* [BRIEF]:
All of the data that follows should be retyped exactly, please, except the pictures.

* [DATA SHOWN]:
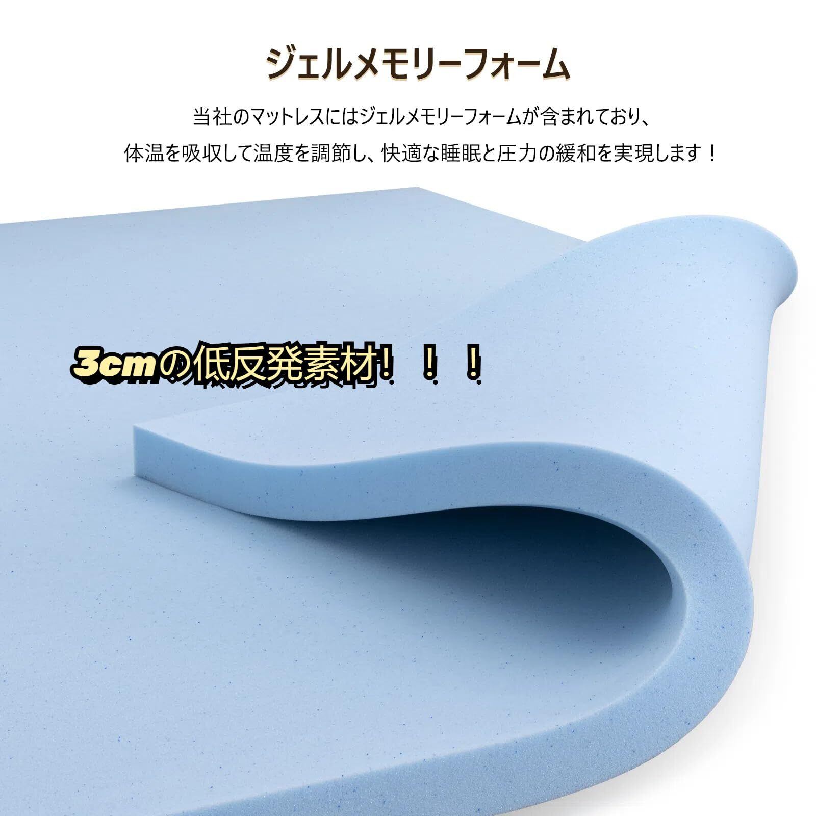 2層構造で快適な寝心地: 上層に柔らかい低反発メモリーフォーム、下層に高密度ポリウレタンフォームを使用し、体圧を分散しながらしっかりと支えます。やわらかめの感触でありながら、腰や背中をしっかりサポートする設計で、疲れを残しにくい睡眠を実現します。
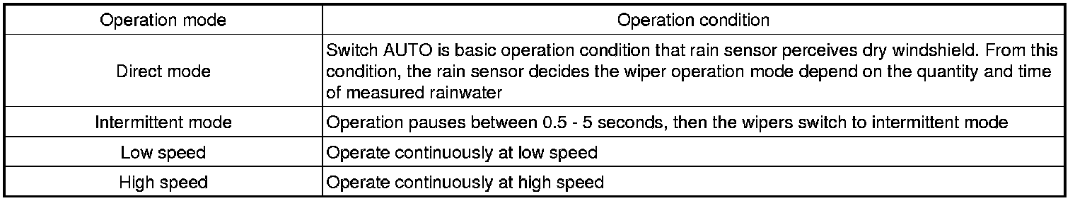 The Rain sensing windshield wiper system is a wiper system that, in addition to providing normal wiper functions off, mist, manual low speed, manual high speed, and wash, provides automatic control of automatic intermittent automatic low, and automatic high speeds.
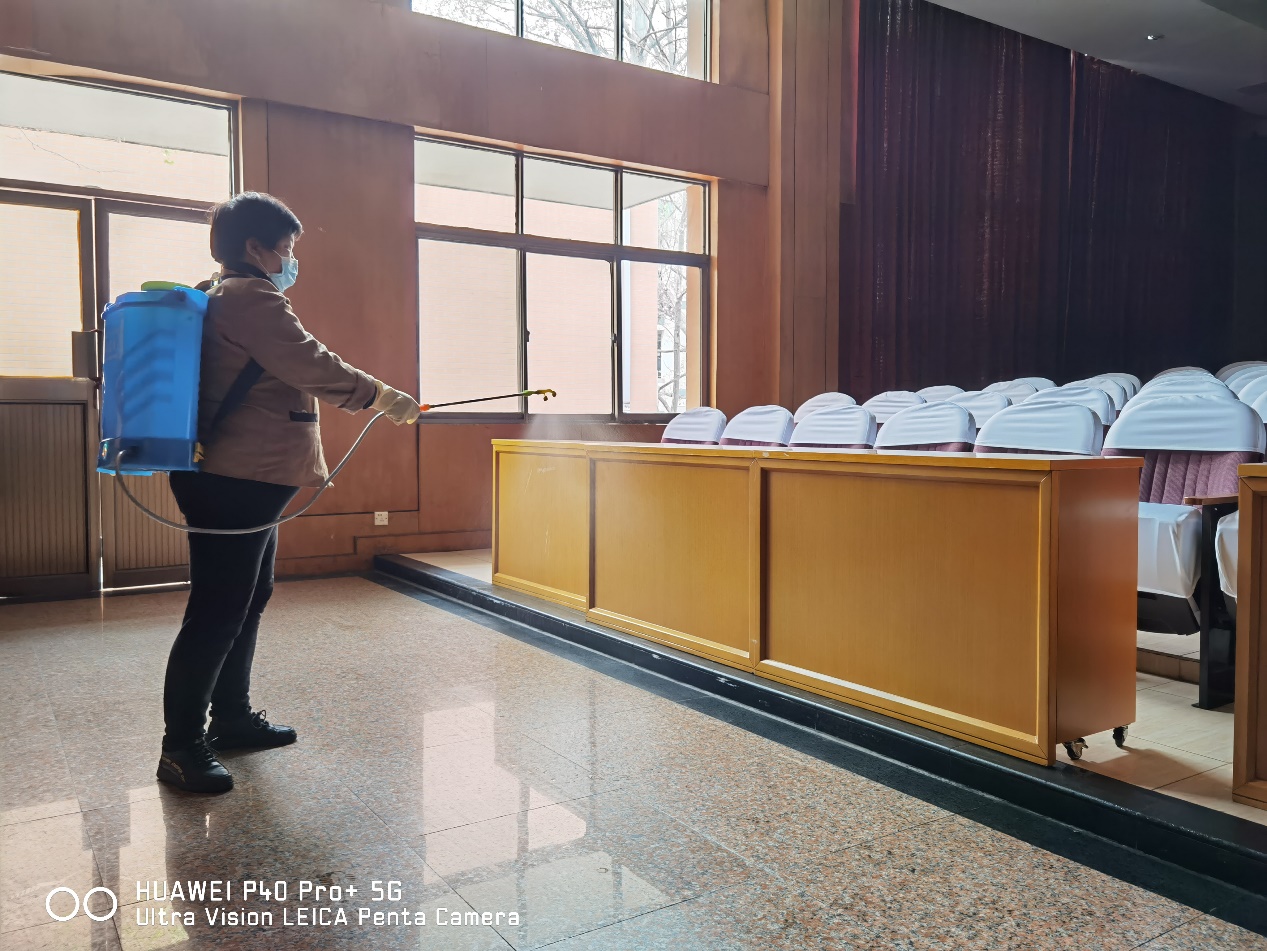 校园卫生消杀是疫情防控的重要内容之一。自疫情突发以来,后勤处认真组织校园消杀工作,细化分工、明确职责、强化监督,确保各项消杀措施落细落小落实。从教室到场馆,从食堂到公寓,从室内到室外,从重点场所到区域环境,校园到处都能见到工作人员消杀的身影。他们认真学习消杀器具的使用,科学合理配置消毒药水,采用多种方法对学校公共区域进行全区域、立体式消毒灭菌,重点对桌椅、门把手、楼道、器材、洗手间、电梯轿厢、垃圾桶等关键区域,关键点位实施密集消毒灭菌,做到全面、彻底、不留死角,全面做好所有公共区域的消杀任务,以实际行动守护校园安全。

* [OUTPUT]:
 2層構造で快適な寝心地: 上層に柔らかい低反発メモリーフォーム、下層に高密度ポリウレタンフォームを使用し、体圧を分散しながらしっかりと支えます。やわらかめの感触でありながら、腰や背中をしっかりサポートする設計で、疲れを残しにくい睡眠を実現します。
 The Rain sensing windshield wiper system is a wiper system that, in addition to providing normal wiper functions off, mist, manual low speed, manual high speed, and wash, provides automatic control of automatic intermittent automatic low, and automatic high speeds.
 校园卫生消杀是疫情防控的重要内容之一。自疫情突发以来,后勤处认真组织校园消杀工作,细化分工、明确职责、强化监督,确保各项消杀措施落细落小落实。从教室到场馆,从食堂到公寓,从室内到室外,从重点场所到区域环境,校园到处都能见到工作人员消杀的身影。他们认真学习消杀器具的使用,科学合理配置消毒药水,采用多种方法对学校公共区域进行全区域、立体式消毒灭菌,重点对桌椅、门把手、楼道、器材、洗手间、电梯轿厢、垃圾桶等关键区域,关键点位实施密集消毒灭菌,做到全面、彻底、不留死角,全面做好所有公共区域的消杀任务,以实际行动守护校园安全。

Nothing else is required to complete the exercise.